INFORMATION:

= = = = = = =

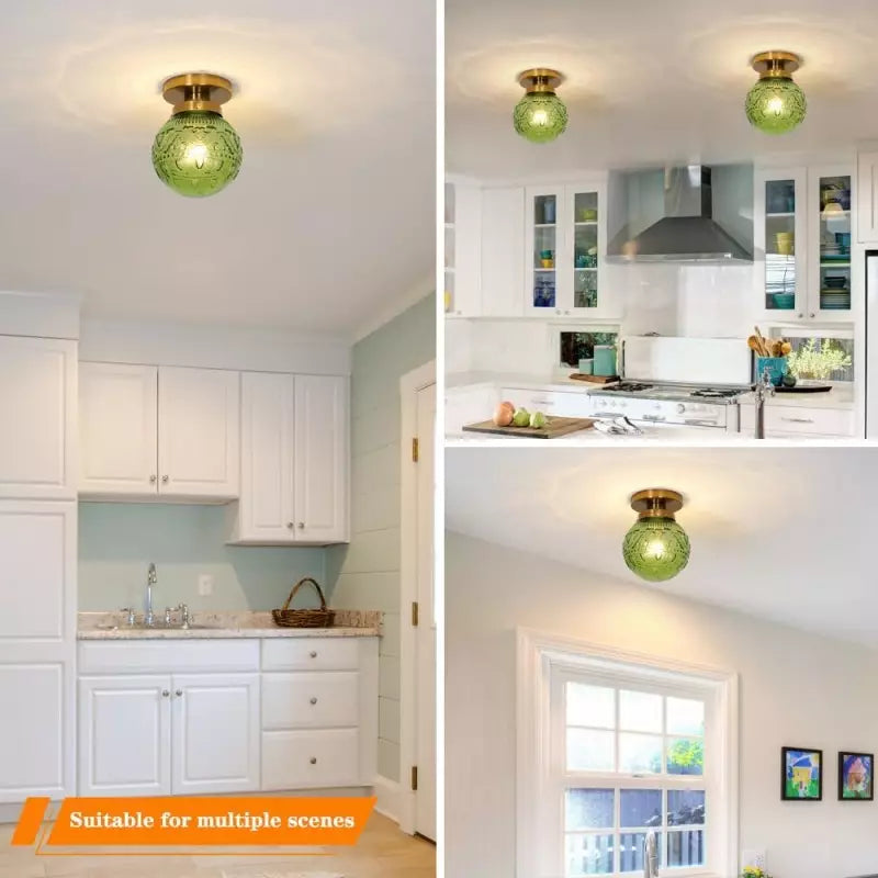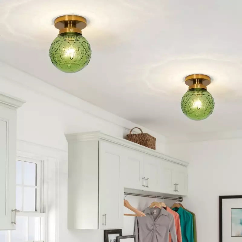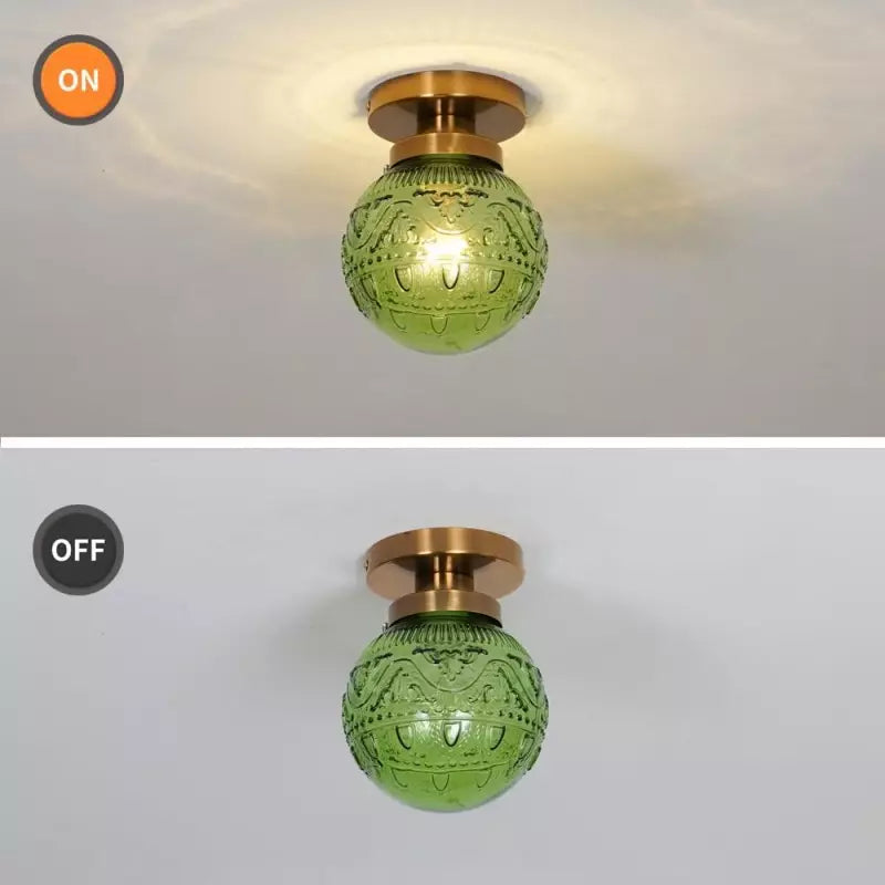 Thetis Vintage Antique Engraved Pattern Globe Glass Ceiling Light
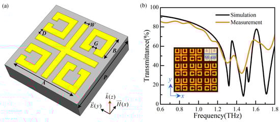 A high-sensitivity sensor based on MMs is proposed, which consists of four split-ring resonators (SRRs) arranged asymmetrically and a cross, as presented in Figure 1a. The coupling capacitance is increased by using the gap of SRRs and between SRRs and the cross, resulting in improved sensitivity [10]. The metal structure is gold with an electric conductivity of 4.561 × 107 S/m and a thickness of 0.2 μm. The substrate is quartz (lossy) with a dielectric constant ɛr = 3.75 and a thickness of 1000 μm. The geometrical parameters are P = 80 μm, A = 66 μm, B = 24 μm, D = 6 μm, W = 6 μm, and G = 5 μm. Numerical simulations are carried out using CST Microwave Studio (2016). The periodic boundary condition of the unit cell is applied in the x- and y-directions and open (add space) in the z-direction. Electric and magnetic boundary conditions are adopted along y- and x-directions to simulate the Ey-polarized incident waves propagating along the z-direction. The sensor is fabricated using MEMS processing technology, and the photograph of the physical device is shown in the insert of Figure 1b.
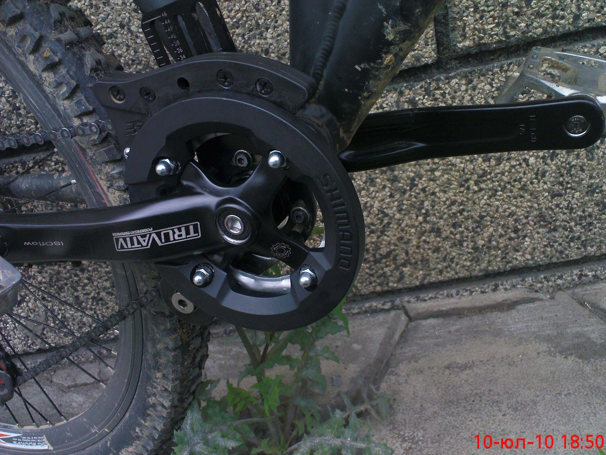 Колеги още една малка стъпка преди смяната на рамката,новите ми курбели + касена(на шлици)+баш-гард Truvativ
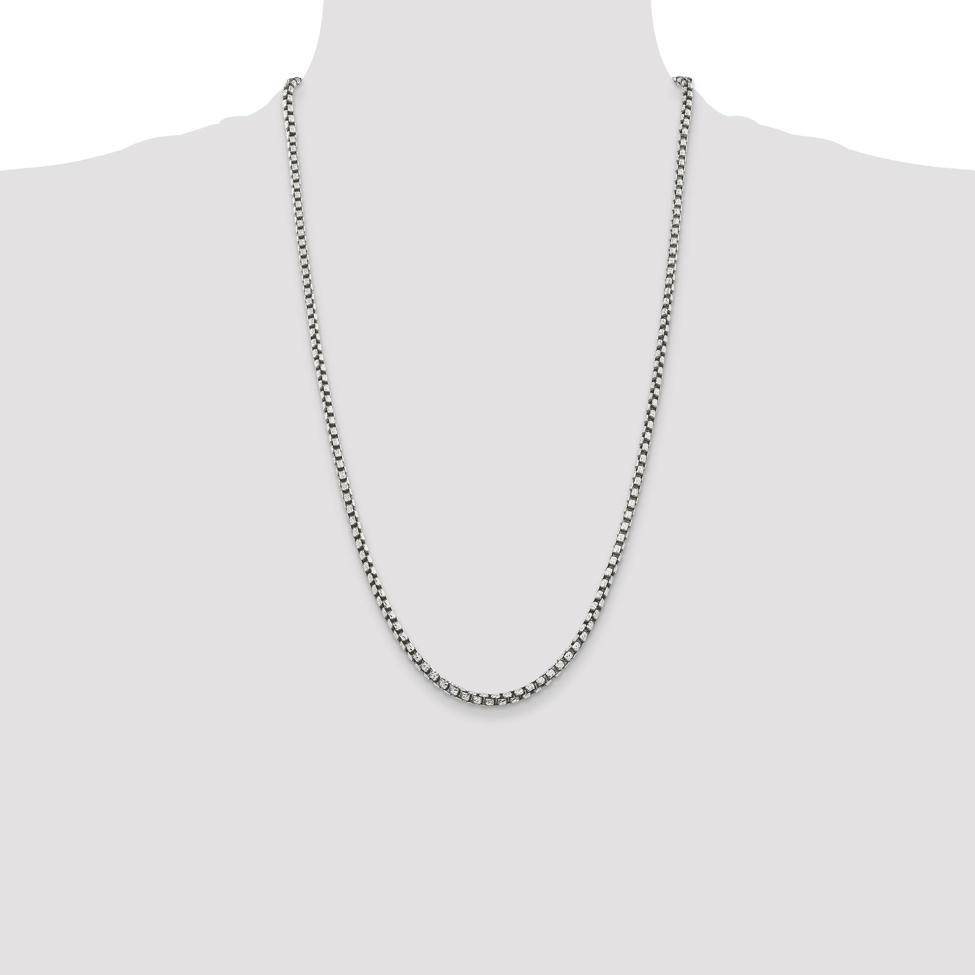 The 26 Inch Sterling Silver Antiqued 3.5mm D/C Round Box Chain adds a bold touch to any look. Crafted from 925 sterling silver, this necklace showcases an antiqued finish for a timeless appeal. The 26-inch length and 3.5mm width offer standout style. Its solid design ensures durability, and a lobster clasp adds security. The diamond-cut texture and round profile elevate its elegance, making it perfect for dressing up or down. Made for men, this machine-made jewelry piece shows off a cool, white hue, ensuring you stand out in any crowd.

= = = = = = =

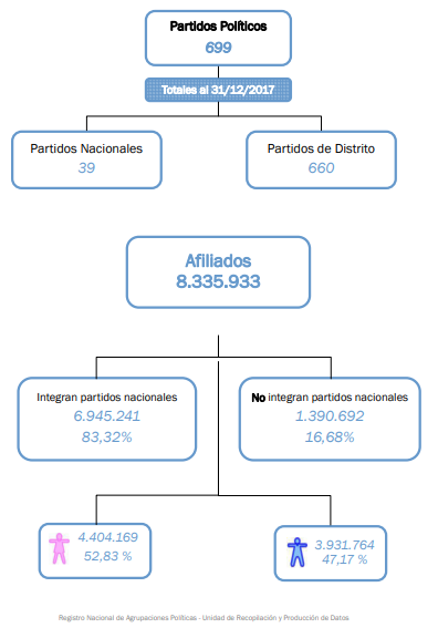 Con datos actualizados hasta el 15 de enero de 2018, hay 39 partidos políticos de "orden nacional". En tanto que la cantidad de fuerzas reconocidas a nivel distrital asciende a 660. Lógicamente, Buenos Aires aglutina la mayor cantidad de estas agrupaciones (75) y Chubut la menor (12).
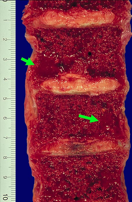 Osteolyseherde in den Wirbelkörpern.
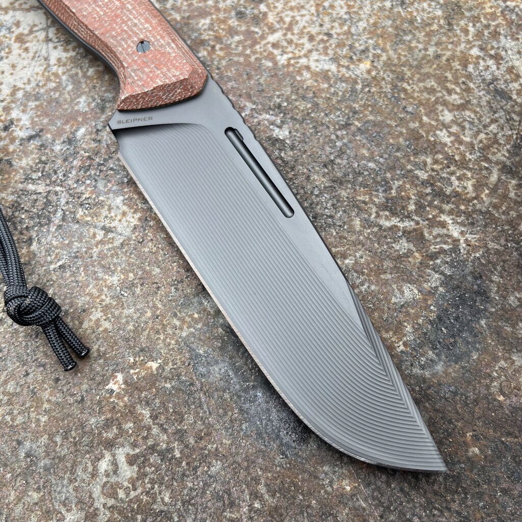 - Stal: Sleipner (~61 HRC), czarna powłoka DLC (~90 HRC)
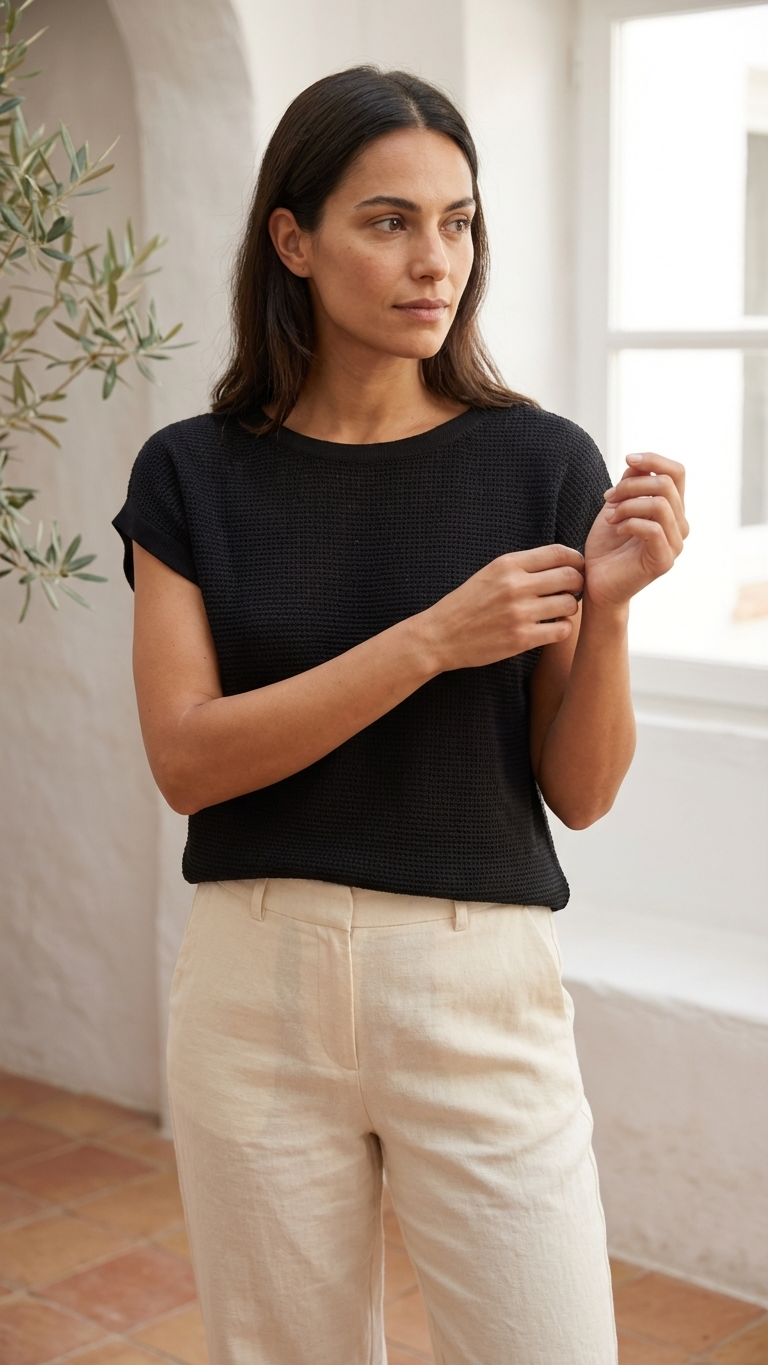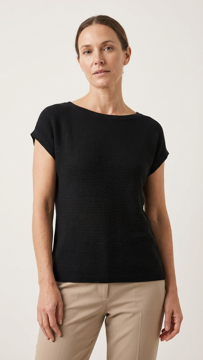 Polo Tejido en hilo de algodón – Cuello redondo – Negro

= = = = = = =

WHAT YOU HAVE TO DO: What you return must match, character for character, the lines above from the one with "Thetis Vintage Antique" through the one with "The 26 Inch", minus any pictures.

TASK RESPONSE:
 Thetis Vintage Antique Engraved Pattern Globe Glass Ceiling Light
 A high-sensitivity sensor based on MMs is proposed, which consists of four split-ring resonators (SRRs) arranged asymmetrically and a cross, as presented in Figure 1a. The coupling capacitance is increased by using the gap of SRRs and between SRRs and the cross, resulting in improved sensitivity [10]. The metal structure is gold with an electric conductivity of 4.561 × 107 S/m and a thickness of 0.2 μm. The substrate is quartz (lossy) with a dielectric constant ɛr = 3.75 and a thickness of 1000 μm. The geometrical parameters are P = 80 μm, A = 66 μm, B = 24 μm, D = 6 μm, W = 6 μm, and G = 5 μm. Numerical simulations are carried out using CST Microwave Studio (2016). The periodic boundary condition of the unit cell is applied in the x- and y-directions and open (add space) in the z-direction. Electric and magnetic boundary conditions are adopted along y- and x-directions to simulate the Ey-polarized incident waves propagating along the z-direction. The sensor is fabricated using MEMS processing technology, and the photograph of the physical device is shown in the insert of Figure 1b.
 Колеги още една малка стъпка преди смяната на рамката,новите ми курбели + касена(на шлици)+баш-гард Truvativ
 The 26 Inch Sterling Silver Antiqued 3.5mm D/C Round Box Chain adds a bold touch to any look. Crafted from 925 sterling silver, this necklace showcases an antiqued finish for a timeless appeal. The 26-inch length and 3.5mm width offer standout style. Its solid design ensures durability, and a lobster clasp adds security. The diamond-cut texture and round profile elevate its elegance, making it perfect for dressing up or down. Made for men, this machine-made jewelry piece shows off a cool, white hue, ensuring you stand out in any crowd.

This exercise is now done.